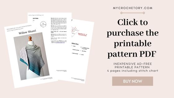 Scroll down to see the Willow Shawl free crochet pattern or you may choose to purchase the ad-free, printable PDF crochet pattern with the crochet stitch chart HERE on ETSY or HERE on Ravelry.
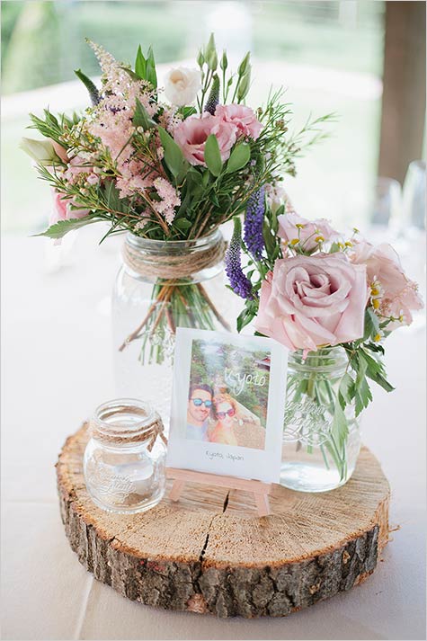 Boho -chic floral centrepieces with maison jars and wooden details. For their wedding stationary Marie-Julie followed boho-chic style with a very pretty floral design.
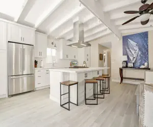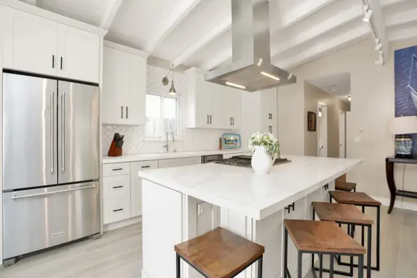 Stepping back in the property there is a quaint dining room just off of the all-white, newly remodeled galley kitchen. Stacked laundry unit is right off of the kitchen, a convenience not always found in beach homes.
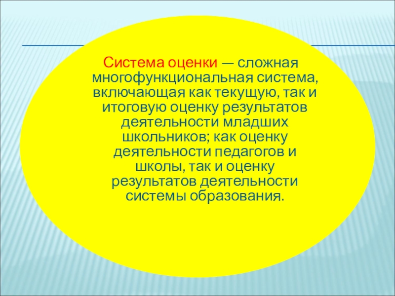 Слайд 2 Система оценки — сложная многофункциональная система, включающая как текущую,
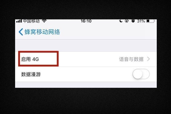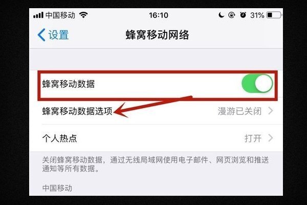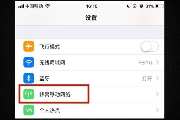 3、点击开启蜂窝移动数据开关并点击蜂窝移动数据选项。

————

#### Exercise prompt:
Nothing but the lines from the one containing "Слайд 2 Система" through the end of the listing should be written out, each exactly, and pictures must be left out.

#### Task answer:
 Слайд 2 Система оценки — сложная многофункциональная система, включающая как текущую,
 3、点击开启蜂窝移动数据开关并点击蜂窝移动数据选项。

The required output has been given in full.